What the task asks ▸ Repeat, word for word, all the data that follows, and exclude the pictures.

Data below ▸
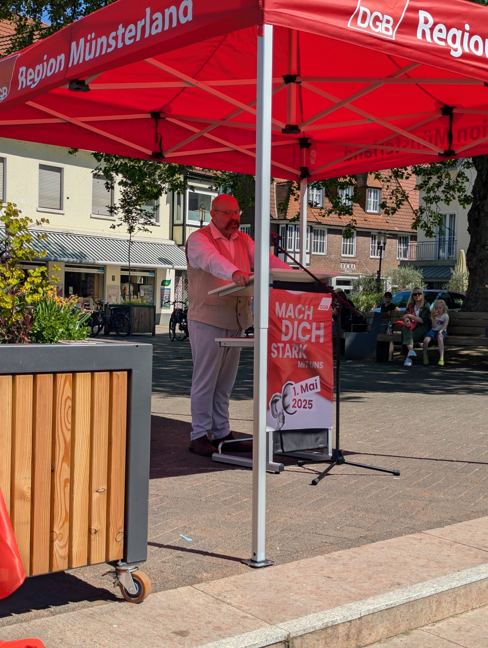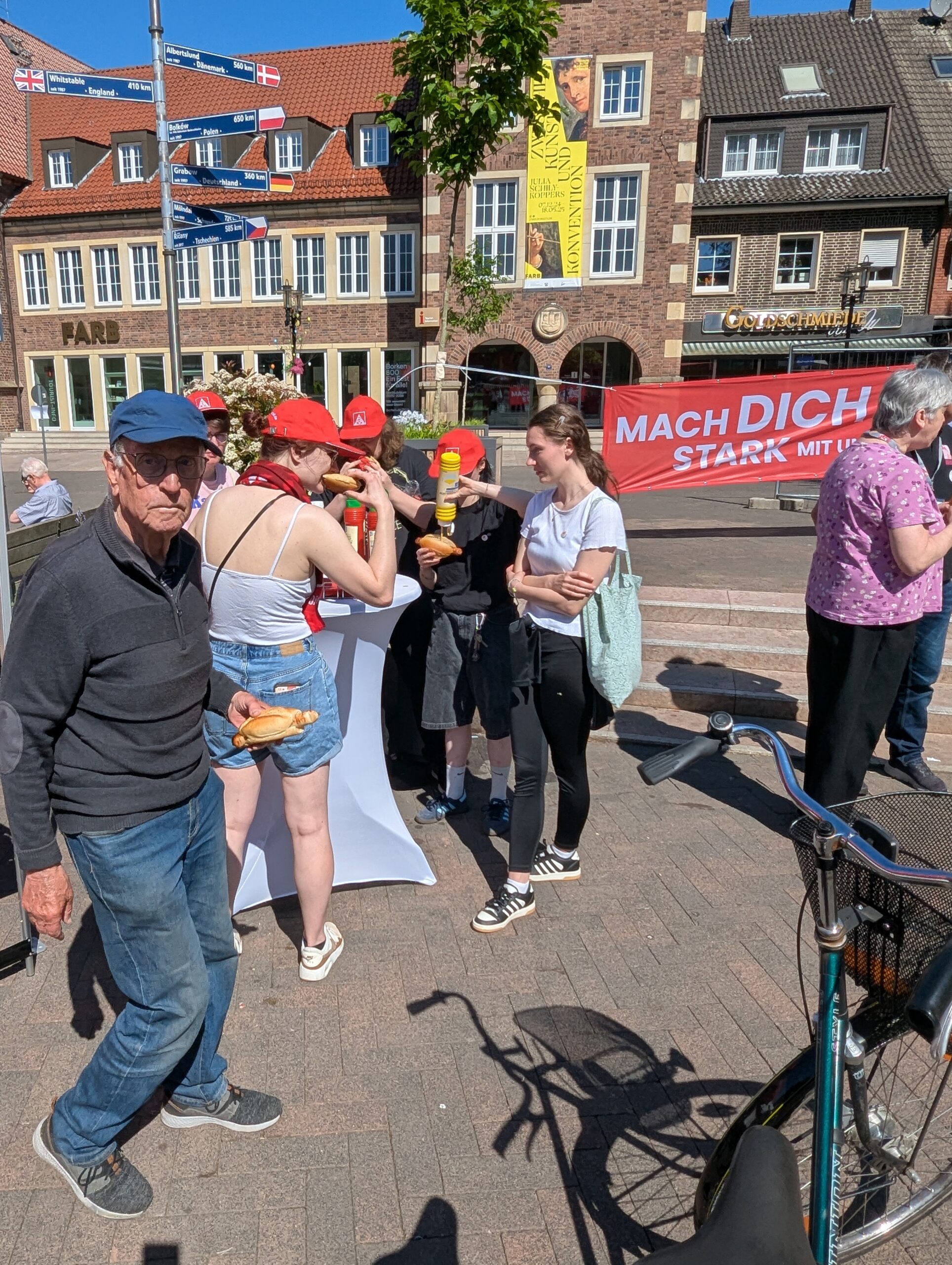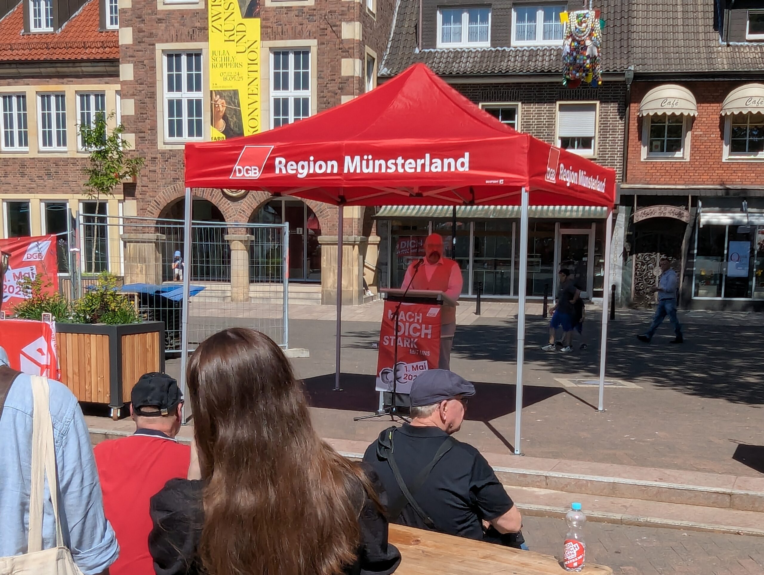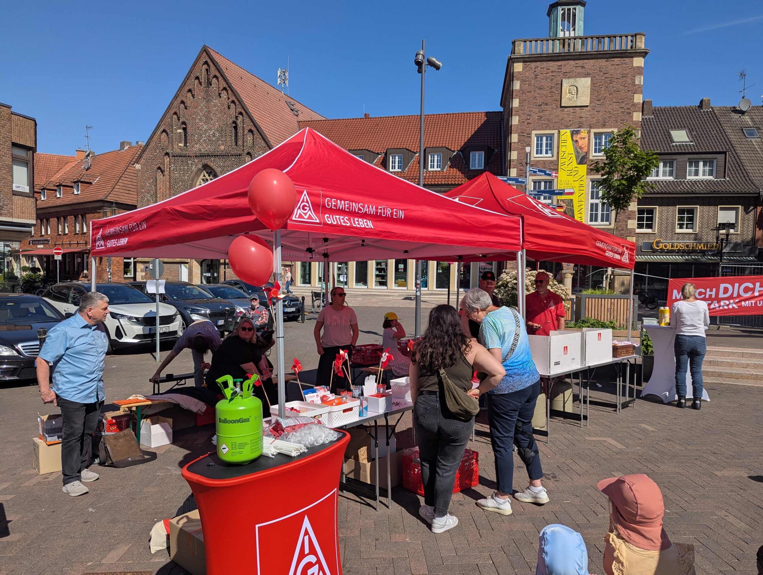 Die neue Bundesregierung steht kurz vor dem Start. Der 1. Mai zeigt, welche Erwartungen Beschäftigte und Gewerkschaften jetzt an die Politik haben. Unter dem Motto „Mach dich stark mit uns!“ versammelten sich zum Tag der Arbeit Zigtausende in zahlreichen Städten. Auch in Bocholt zeigten Gewerkschafterinnen und Gewerkschafter Flagge für ihre Forderungen zum Tag der Arbeit.
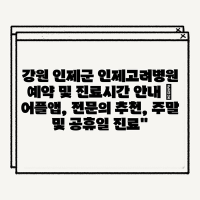 ✅ 인제고려병원의 진료시간과 예약 방법을 지금 확인해보세요.
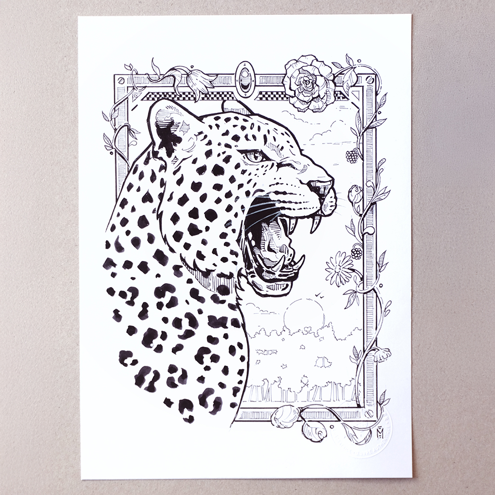 Her work draws deeply from nature. Animals, plant life, organic textures and motifs inspired by the living world run through each of her creations. While she explores a wide range of techniques, from traditional drawing to digital media, as well as painting and tattooing, she always returns to what has inspired her since childhood: monochrome ink drawing, a medium that allows her to play with light, contrast and the finesse of line.

Output ▸
 Die neue Bundesregierung steht kurz vor dem Start. Der 1. Mai zeigt, welche Erwartungen Beschäftigte und Gewerkschaften jetzt an die Politik haben. Unter dem Motto „Mach dich stark mit uns!“ versammelten sich zum Tag der Arbeit Zigtausende in zahlreichen Städten. Auch in Bocholt zeigten Gewerkschafterinnen und Gewerkschafter Flagge für ihre Forderungen zum Tag der Arbeit.
 ✅ 인제고려병원의 진료시간과 예약 방법을 지금 확인해보세요.
 Her work draws deeply from nature. Animals, plant life, organic textures and motifs inspired by the living world run through each of her creations. While she explores a wide range of techniques, from traditional drawing to digital media, as well as painting and tattooing, she always returns to what has inspired her since childhood: monochrome ink drawing, a medium that allows her to play with light, contrast and the finesse of line.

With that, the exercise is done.